A 15-kg block is on a frictionless ramp that is inclined at 20° above the horizontal. It is connected by a very light string over an ideal pulley at the top edge of the ramp to a hanging 19-kg block, as shown in the figure. The string pulls on the 15-kg block parallel to the surface of the ramp. Find the magnitude of the acceleration (in m/s2) of the 19-kg block after the system is gently released?
4.0m/s^2
To find the magnitude of the acceleration of the 19-kg block, we can use Newton's second law of motion, which states that the force acting on an object is equal to the mass of the object multiplied by its acceleration.
Let's break down the problem step by step:
1. Start by drawing a free-body diagram for each block.
For the 15-kg block:
- There is a tension force acting to the right, parallel to the ramp.
- The weight of the block acts vertically downward.
For the 19-kg block:
- There is a tension force acting vertically upward.
- The weight of the block acts vertically downward.
2. Determine the forces acting on each block.
For the 15-kg block:
- The weight of the block (mg) has two components:
- The component parallel to the ramp is mg * sin(theta), where theta is 20 degrees.

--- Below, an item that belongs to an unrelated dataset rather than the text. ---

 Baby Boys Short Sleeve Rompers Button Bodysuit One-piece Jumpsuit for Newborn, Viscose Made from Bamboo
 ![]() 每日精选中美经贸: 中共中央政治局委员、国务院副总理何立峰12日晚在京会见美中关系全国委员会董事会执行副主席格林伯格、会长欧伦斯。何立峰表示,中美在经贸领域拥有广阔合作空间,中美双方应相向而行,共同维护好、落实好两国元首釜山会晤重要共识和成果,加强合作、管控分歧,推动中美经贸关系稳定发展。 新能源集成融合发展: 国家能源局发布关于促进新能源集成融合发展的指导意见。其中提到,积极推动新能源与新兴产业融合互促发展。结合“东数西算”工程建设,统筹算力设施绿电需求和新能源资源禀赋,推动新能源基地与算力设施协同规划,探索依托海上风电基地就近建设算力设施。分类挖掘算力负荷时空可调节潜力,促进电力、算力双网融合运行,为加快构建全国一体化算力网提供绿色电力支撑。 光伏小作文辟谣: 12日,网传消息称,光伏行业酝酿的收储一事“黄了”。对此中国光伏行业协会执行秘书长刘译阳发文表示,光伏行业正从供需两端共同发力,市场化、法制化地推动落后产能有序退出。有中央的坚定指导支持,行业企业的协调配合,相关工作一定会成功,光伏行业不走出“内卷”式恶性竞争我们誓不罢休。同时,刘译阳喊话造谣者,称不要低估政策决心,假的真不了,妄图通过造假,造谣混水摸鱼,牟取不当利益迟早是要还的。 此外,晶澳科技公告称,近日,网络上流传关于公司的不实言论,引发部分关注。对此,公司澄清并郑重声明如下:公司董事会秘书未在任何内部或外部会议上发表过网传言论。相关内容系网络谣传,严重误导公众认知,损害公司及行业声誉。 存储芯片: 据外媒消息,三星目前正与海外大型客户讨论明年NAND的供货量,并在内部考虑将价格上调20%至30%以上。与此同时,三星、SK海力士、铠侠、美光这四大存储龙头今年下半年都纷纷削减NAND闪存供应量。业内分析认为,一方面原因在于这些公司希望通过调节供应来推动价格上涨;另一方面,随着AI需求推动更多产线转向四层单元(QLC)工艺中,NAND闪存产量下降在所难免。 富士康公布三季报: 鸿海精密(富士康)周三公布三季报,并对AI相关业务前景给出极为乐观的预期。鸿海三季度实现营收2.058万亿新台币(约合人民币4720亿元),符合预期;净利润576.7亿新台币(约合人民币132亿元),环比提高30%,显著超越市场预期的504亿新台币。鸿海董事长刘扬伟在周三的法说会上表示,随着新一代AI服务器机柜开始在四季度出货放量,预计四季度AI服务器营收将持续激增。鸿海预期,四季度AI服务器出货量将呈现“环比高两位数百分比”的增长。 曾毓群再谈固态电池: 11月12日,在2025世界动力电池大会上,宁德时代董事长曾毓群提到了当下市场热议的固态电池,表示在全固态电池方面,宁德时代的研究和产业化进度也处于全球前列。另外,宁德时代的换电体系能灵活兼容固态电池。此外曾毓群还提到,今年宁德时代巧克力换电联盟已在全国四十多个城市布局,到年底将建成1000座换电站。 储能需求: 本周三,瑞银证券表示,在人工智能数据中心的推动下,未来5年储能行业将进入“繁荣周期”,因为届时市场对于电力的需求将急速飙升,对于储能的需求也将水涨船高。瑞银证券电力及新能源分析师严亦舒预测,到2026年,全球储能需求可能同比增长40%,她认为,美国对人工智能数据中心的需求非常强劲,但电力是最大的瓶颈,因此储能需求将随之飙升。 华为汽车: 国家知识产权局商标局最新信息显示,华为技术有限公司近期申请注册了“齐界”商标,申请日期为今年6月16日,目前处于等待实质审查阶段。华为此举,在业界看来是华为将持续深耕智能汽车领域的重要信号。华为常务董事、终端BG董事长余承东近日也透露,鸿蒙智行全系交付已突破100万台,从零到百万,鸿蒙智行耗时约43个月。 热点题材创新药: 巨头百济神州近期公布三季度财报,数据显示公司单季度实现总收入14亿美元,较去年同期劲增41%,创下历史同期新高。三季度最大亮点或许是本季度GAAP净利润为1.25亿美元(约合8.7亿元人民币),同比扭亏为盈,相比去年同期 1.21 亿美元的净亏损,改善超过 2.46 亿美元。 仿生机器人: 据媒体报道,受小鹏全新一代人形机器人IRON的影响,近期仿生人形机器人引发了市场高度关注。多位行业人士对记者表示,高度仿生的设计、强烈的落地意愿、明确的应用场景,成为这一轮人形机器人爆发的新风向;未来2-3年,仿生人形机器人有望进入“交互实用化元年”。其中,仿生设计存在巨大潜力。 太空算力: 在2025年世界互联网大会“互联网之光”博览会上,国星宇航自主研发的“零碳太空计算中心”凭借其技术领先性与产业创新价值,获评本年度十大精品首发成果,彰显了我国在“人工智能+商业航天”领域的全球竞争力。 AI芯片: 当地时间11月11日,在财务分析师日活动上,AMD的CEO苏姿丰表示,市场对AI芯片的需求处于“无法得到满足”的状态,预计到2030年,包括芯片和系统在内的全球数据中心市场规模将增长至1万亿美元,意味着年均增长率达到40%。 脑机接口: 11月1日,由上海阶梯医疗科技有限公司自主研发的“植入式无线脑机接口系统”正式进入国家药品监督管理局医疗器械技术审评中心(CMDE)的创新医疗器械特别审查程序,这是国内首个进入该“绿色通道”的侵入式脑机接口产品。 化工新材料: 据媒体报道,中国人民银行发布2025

- The component perpendicular to the ramp is mg * cos(theta).
- The tension force acts parallel to the ramp.
For the 19-kg block:
- The weight of the block is mg, where g is the acceleration due to gravity (approximately 9.8 m/s^2).
- The tension force acts vertically upward.

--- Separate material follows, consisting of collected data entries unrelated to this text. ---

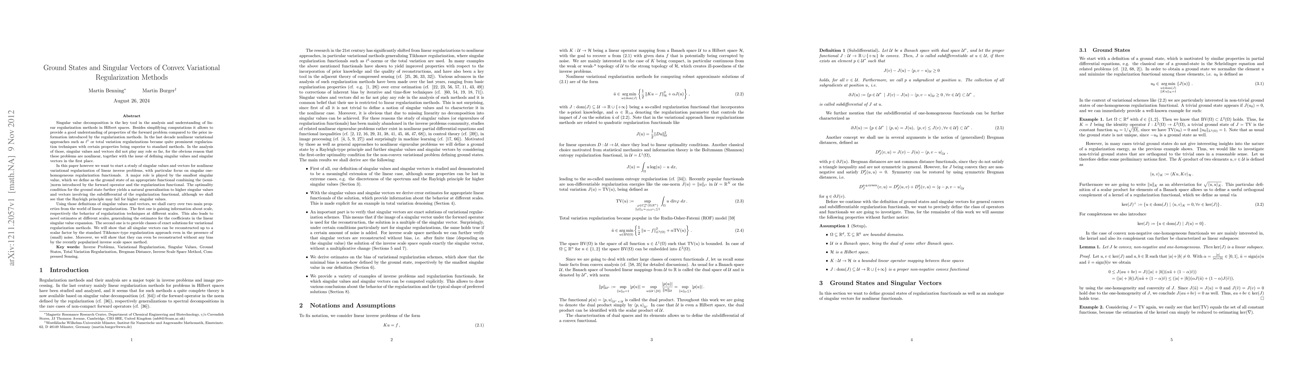 This paper explores singular values and vectors in nonlinear variational regularization methods, defining the smallest singular value as the ground state of a combined functional. It generalizes the concept to higher singular values and provides exact solutions, showing that singular vectors can be reconstructed accurately even in noisy conditions using Tikhonov-type and inverse scale space methods.
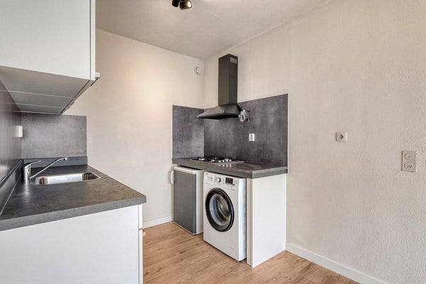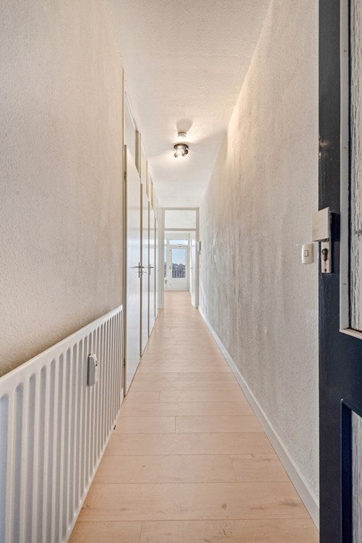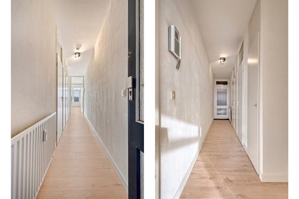 De lift brengt je naar de vierde verdieping en bijna voor de ingang van het appartement. De entree is afgewerkt met een laminaat vloer (2025), gesauste wanden en een spuitwerk plafond. De hal biedt toegang tot de living met open keuken, provisieruimte, slaapkamer en badkamer.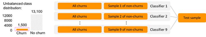 - 在第二种方法中(如下图所示),我将训练基于模型的集合,其中每个模型使用9个丰富类的随机样本(不进行替换)和稀有类的一个完整样本。我之所以选择9倍,是因为类别的不平衡程度大约是1比9(如下图的直方图所示)。因此,1-9是使用丰富类中的全部或几乎所有数据所需的采样量。这种方法比较复杂,但是会使用所有可用信息,从而提高了通用性。我将在以下面章节中评估其有效性。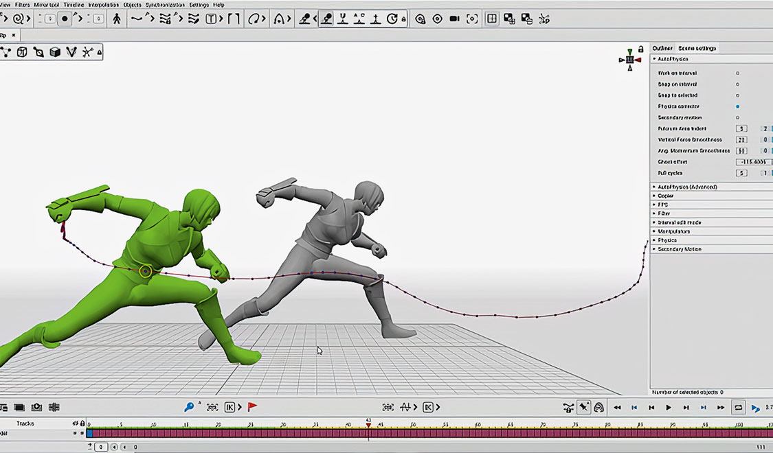 Сейчас и камеры, и датчики, и самого каскадера заменит программа, которая так и называется: Cascadeur (рис. 9). С ее помощью вы сможете создавать чрезвычайно реалистичные анимации: программа самостоятельно, без вашего участия, учтет центр тяжести персонажа, инерцию движения и параболические траектории. Еще более простой путь анимирования 3D-персонажей лежит через онлайн-сервис Mixamo, в каталоге которого вы сможете найти невероятное количество уже созданных анимаций, скачать любую понравившуюся лично вам и применить ее на своем персонаже.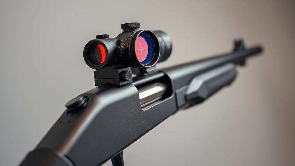 When you pick a red dot for a shotgun, start with mounting compatibility to guarantee secure fit and repeatable zero. Consider reticle clarity, battery life, and illumination options so you don’t lose sight of your target in variable light or long sessions.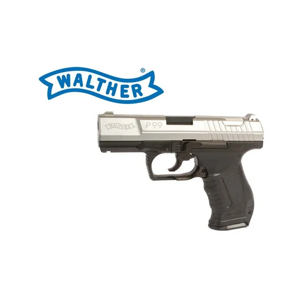 PISTOLET WALTHER P99 BICOLORE : Caractéristiques : -Réplique pistolet WALTHER P99 bicolore, -ressort, chargeur de 12 coups, -énergie < 0,5 j, -longueur de 180 mm, -poids de 420 gr. -Marquage officiel de la marque WALTHER. -Vendue avec son deuxiéme chargeur de 100 billes. Délai Moyen D'expédition : 3 à 5 jours. PISTOLET SOUMISE A LA LEGISLATION : CARTE D'IDENTITE OBLIGATOIRE.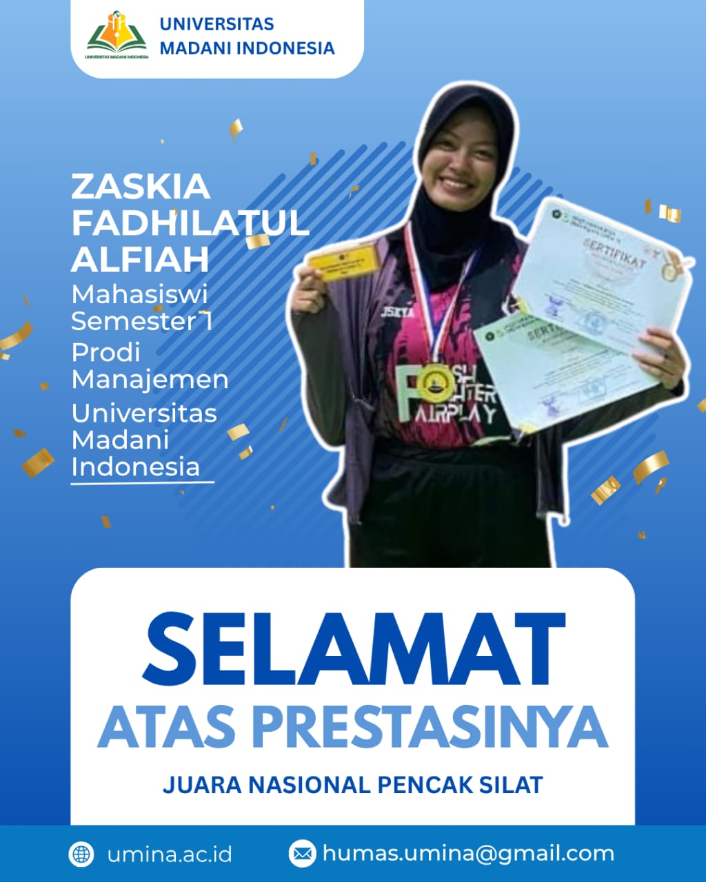 Mahasiswi semester 1 Jurusan Manajemen, Zaskia Fadhilatul Alfiah, sukses meraih gelar Juara Nasional setelah tampil gemilang di kategori tanding. Sementara itu, Gattan Mahendra, mahasiswa Program Studi Pendidikan Jasmani, Kesehatan, dan Rekreasi (PJKR) angkatan 2025, berhasil meraih Juara 2 Kelas C Dewasa Putra.

3. Apply Newton's second law to each block.
For the 15-kg block:
- The net force in the horizontal direction is the tension force (T) acting to the right minus the component of the weight force parallel to the ramp, which is mg * sin(theta).
- Applying Newton's second law, we have:
T - mg * sin(theta) = ma, where a is the acceleration of the system.
For the 19-kg block:
- The net force in the vertical direction is the tension force acting upward minus the weight force acting downward, which is mg.
- Applying Newton's second law, we have:
T - mg = ma.
4. Solve the system of equations.
Now we have two equations with two unknowns, T (tension force) and a (acceleration). We can solve these equations simultaneously to find the desired acceleration of the 19-kg block.
Equation 1: T - mg * sin(theta) = ma
Equation 2: T - mg = ma
Rearrange equation 1 to solve for T:
T = mg * sin(theta) + ma
Substitute T into equation 2:
mg * sin(theta) + ma - mg = ma
mg * sin(theta) = mg
g * sin(theta) = g
sin(theta) = 1
Since sin(20 degrees) = 1/2, we can simplify the equation to:
g/2 = g
1/2 = 1
This means that the magnitude of the acceleration of the 19-kg block is equal to the acceleration due to gravity, which is approximately 9.8 m/s^2.
Therefore, the magnitude of the acceleration of the 19-kg block after the system is gently released is 9.8 m/s^2.
To find the magnitude of acceleration of the 19-kg block, we need to consider the forces acting on both blocks.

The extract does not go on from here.